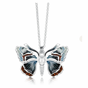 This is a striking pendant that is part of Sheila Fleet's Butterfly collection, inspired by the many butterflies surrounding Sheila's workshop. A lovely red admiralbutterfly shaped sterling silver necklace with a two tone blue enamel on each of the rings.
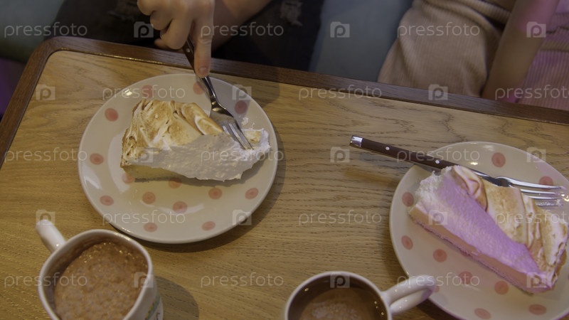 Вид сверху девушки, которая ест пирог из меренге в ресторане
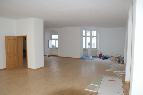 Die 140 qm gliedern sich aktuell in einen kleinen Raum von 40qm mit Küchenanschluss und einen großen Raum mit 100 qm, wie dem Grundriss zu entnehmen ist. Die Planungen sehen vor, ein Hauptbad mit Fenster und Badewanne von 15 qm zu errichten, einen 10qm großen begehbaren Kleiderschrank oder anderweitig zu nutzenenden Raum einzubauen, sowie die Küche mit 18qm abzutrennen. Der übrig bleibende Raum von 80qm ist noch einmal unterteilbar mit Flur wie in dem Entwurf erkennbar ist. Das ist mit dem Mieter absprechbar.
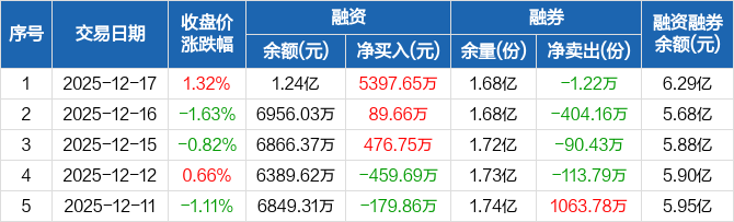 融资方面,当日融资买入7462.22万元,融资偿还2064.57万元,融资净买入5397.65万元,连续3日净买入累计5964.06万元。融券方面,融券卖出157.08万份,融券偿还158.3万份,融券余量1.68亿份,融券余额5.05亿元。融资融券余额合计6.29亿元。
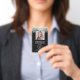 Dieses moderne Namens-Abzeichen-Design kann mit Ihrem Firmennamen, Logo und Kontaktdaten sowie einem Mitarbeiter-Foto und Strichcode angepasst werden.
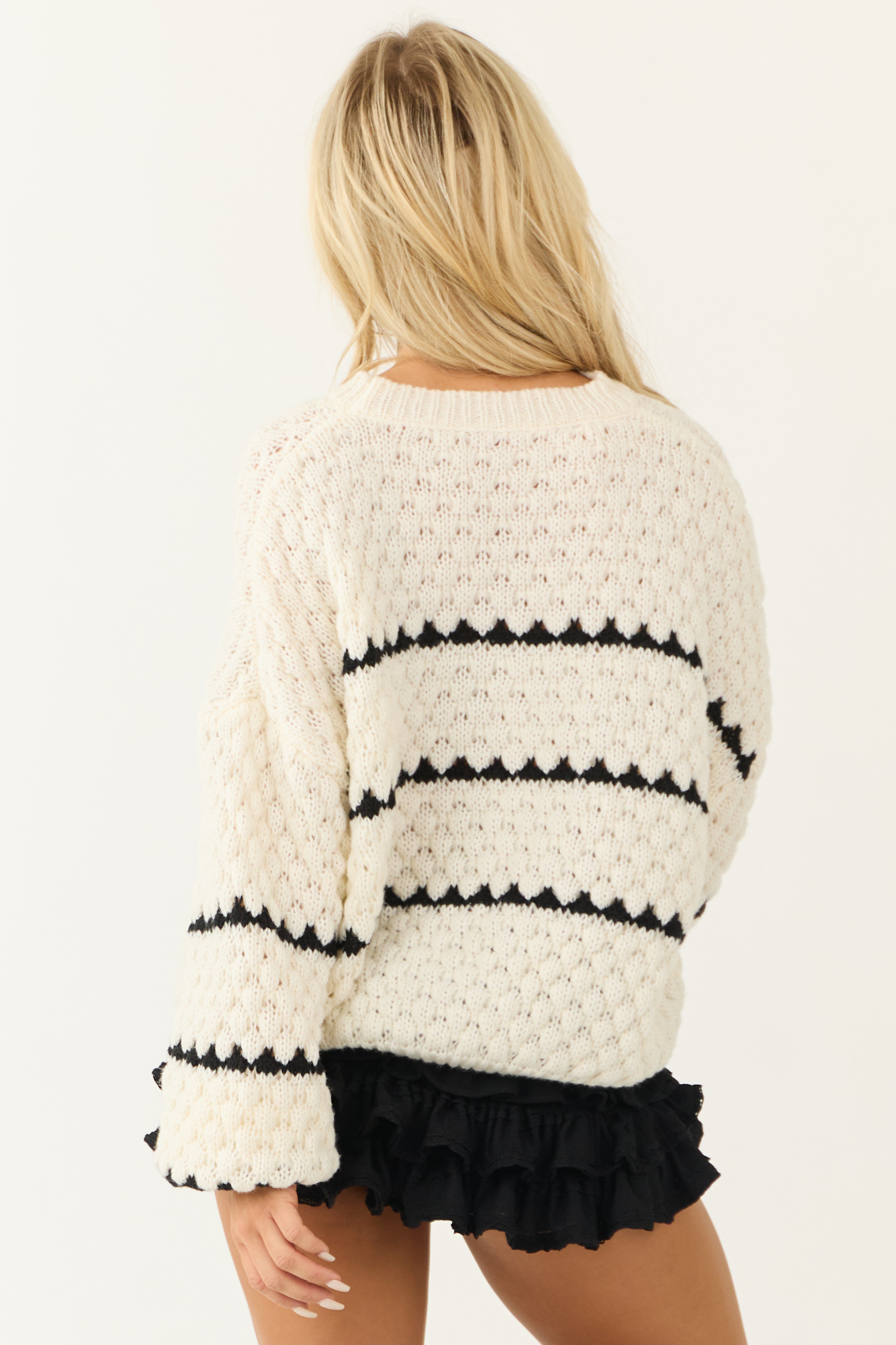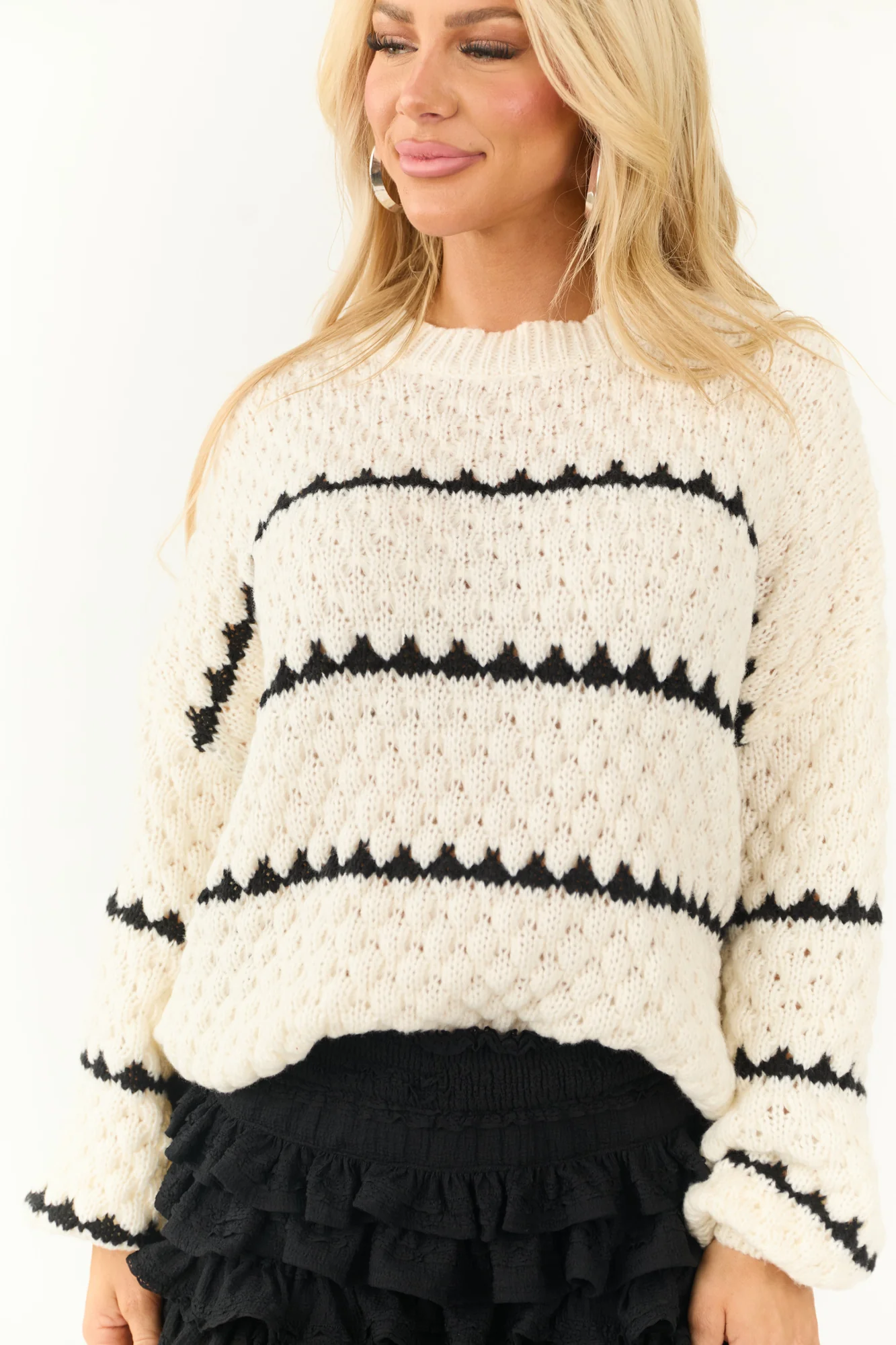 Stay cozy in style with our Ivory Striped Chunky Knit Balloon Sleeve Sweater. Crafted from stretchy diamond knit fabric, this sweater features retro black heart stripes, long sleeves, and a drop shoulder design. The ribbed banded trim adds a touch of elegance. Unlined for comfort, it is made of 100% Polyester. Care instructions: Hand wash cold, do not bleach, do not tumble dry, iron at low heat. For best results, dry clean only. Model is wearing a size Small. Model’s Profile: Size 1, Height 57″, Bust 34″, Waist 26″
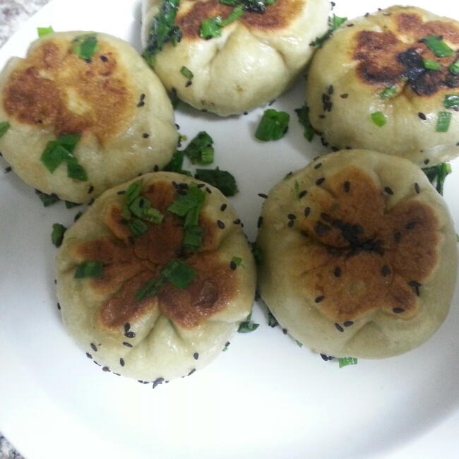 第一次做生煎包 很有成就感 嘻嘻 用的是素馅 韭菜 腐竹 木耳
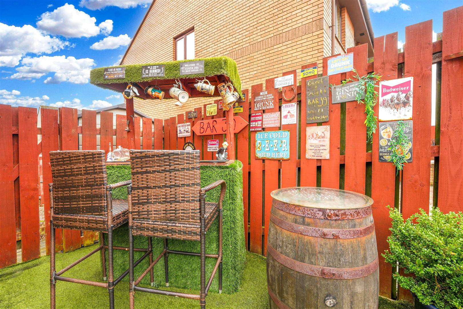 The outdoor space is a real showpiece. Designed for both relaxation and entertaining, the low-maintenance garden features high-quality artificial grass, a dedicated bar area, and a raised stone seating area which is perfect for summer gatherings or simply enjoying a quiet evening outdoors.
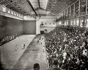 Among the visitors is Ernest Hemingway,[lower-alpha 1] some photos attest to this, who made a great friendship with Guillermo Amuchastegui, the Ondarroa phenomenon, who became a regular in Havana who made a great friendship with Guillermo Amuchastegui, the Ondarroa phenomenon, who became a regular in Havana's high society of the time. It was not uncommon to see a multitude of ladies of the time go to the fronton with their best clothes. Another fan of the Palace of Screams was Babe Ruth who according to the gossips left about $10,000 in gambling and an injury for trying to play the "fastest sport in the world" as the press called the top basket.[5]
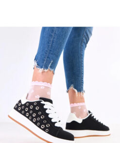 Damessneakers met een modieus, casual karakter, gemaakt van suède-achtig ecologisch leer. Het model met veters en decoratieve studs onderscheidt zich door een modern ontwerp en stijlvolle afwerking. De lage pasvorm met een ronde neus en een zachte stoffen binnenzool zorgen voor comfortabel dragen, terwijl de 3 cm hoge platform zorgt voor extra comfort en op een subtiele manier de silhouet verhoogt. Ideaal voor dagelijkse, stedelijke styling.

--------

» **What is needed**:
Above, find the line holding "Dieses moderne Namens-Abzeichen-Design" and the line holding "The outdoor space". Print exactly those two lines and every line between them, but no pictures.

» **Written reply**:
 Dieses moderne Namens-Abzeichen-Design kann mit Ihrem Firmennamen, Logo und Kontaktdaten sowie einem Mitarbeiter-Foto und Strichcode angepasst werden.
 Stay cozy in style with our Ivory Striped Chunky Knit Balloon Sleeve Sweater. Crafted from stretchy diamond knit fabric, this sweater features retro black heart stripes, long sleeves, and a drop shoulder design. The ribbed banded trim adds a touch of elegance. Unlined for comfort, it is made of 100% Polyester. Care instructions: Hand wash cold, do not bleach, do not tumble dry, iron at low heat. For best results, dry clean only. Model is wearing a size Small. Model’s Profile: Size 1, Height 57″, Bust 34″, Waist 26″
 第一次做生煎包 很有成就感 嘻嘻 用的是素馅 韭菜 腐竹 木耳
 The outdoor space is a real showpiece. Designed for both relaxation and entertaining, the low-maintenance garden features high-quality artificial grass, a dedicated bar area, and a raised stone seating area which is perfect for summer gatherings or simply enjoying a quiet evening outdoors.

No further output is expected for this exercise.